§ **Supplied data**:
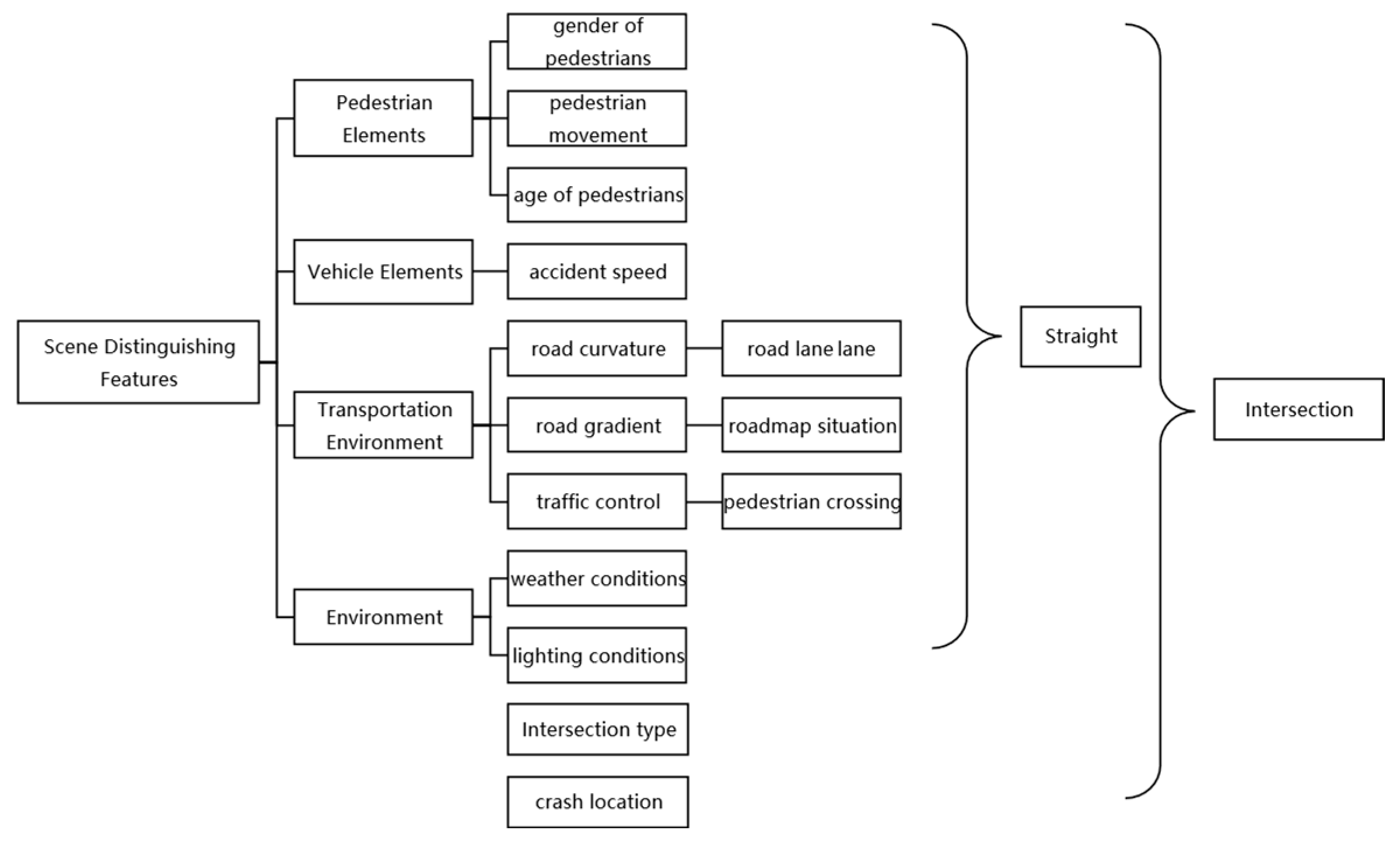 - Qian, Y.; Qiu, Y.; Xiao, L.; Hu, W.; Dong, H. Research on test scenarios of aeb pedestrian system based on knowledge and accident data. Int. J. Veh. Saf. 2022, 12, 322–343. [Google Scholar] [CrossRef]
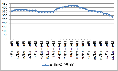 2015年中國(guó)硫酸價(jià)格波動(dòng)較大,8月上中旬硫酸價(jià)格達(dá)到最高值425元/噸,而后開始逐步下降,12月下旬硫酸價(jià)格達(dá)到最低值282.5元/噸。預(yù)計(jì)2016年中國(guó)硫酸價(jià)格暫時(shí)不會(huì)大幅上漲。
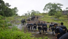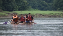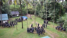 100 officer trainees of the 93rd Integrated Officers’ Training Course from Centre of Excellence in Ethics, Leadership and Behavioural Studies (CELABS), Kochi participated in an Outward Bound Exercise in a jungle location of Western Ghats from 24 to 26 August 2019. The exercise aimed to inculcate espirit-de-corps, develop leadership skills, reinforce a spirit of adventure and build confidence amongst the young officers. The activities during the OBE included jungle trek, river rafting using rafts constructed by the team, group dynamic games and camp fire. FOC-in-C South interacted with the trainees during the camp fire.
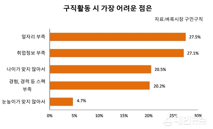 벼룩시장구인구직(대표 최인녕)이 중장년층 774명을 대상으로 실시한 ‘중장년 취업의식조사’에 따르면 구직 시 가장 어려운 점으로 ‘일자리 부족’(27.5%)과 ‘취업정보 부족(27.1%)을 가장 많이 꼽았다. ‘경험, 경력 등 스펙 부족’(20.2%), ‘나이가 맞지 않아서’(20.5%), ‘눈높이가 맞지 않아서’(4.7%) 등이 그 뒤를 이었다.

§ **Task details**: Please reproduce the material above word for word, without its images.

§ **Answer**:
 - Qian, Y.; Qiu, Y.; Xiao, L.; Hu, W.; Dong, H. Research on test scenarios of aeb pedestrian system based on knowledge and accident data. Int. J. Veh. Saf. 2022, 12, 322–343. [Google Scholar] [CrossRef]
 2015年中國(guó)硫酸價(jià)格波動(dòng)較大,8月上中旬硫酸價(jià)格達(dá)到最高值425元/噸,而后開始逐步下降,12月下旬硫酸價(jià)格達(dá)到最低值282.5元/噸。預(yù)計(jì)2016年中國(guó)硫酸價(jià)格暫時(shí)不會(huì)大幅上漲。
 100 officer trainees of the 93rd Integrated Officers’ Training Course from Centre of Excellence in Ethics, Leadership and Behavioural Studies (CELABS), Kochi participated in an Outward Bound Exercise in a jungle location of Western Ghats from 24 to 26 August 2019. The exercise aimed to inculcate espirit-de-corps, develop leadership skills, reinforce a spirit of adventure and build confidence amongst the young officers. The activities during the OBE included jungle trek, river rafting using rafts constructed by the team, group dynamic games and camp fire. FOC-in-C South interacted with the trainees during the camp fire.
 벼룩시장구인구직(대표 최인녕)이 중장년층 774명을 대상으로 실시한 ‘중장년 취업의식조사’에 따르면 구직 시 가장 어려운 점으로 ‘일자리 부족’(27.5%)과 ‘취업정보 부족(27.1%)을 가장 많이 꼽았다. ‘경험, 경력 등 스펙 부족’(20.2%), ‘나이가 맞지 않아서’(20.5%), ‘눈높이가 맞지 않아서’(4.7%) 등이 그 뒤를 이었다.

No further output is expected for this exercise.